Precambrian Eon: (4,550-543 mya)

Hadean | Archaean | Proterozoic

The Precambrian eon is vast, almost unimaginably so. In fact, before some fossil discoveries were made late in the 20th century, it was considered unknowable -- evolution's dark ages. The Precambrian encompasses 86 percent of the history of Earth. As its name implies, this includes all of geological time prior to the Cambrian period.



Hadean Era (4,550-3,850 mya)

The Precambrian's oldest era, the Hadean, predates most of the geologic record. During the Hadean, the solar system forms out of gas and dust, the sun begins to emit light and heat, and Earth takes shape. Meteors and other galactic debris shower the planet over its first half-billion years, making it entirely uninhabitable.

4,550 mya: Birth of the solar system

More than 10 billion years since the universe exploded into existence from nothing, the solar system -- including the Sun, the nine planets, their moons, and various asteroids -- forms from interstellar gas and dust.


Prelude to life (4,550-3,900 mya)

Planet Earth is very hot at its formation. As it cools and its mass increases, its gravitational field strengthens. This attracts meteorites and other debris, which will bombard the planet for at least 500 million years, producing enough energy and heat to vaporize any water or melt any rock that may be present.

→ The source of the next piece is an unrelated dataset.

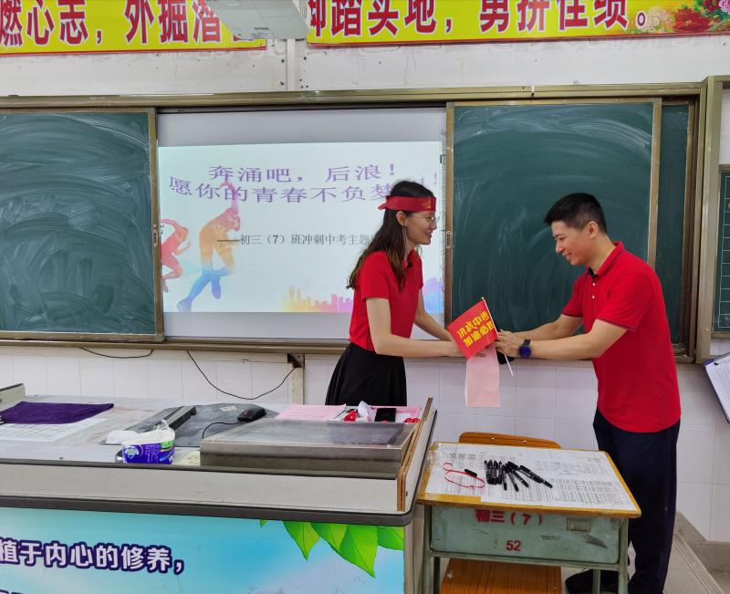 學校行政領導也隨之走進初三各班級,送上沖刺中考紀念品,為學生鼓勁加油,這更拉近了師生的距離。

Gravity also helps separate heavy elements from lighter ones. Iron sinks to form Earth's core, while silicon, magnesium, and aluminum gradually rise toward the surface.

Gases released from magma (molten rock) inside Earth escape through cracks in the surface and collect in the early atmosphere. The likely presence of methane and ammonia among the gases makes for conditions that would be highly toxic to life as we know it. Because there is little or no free oxygen -- hence, no protective ozone layers -- damaging ultraviolet rays shower Earth at full strength.

As the meteorite bombardment finally slows, Earth cools, and its surface hardens as crust. Water condenses in the atmosphere, and torrential rains fall. Over several millions of years of continuous rain, oceans form. By about 3,900 million years ago (mya), Earth's environment has been transformed from a highly unstable state into a more hospitable place.


4,500 mya: Escaping gases build early atmosphere

Gases released from magma inside Earth collect to form an atmosphere probably composed of nitrogen, carbon dioxide, water vapor, methane, and ammonia, with little or no free oxygen.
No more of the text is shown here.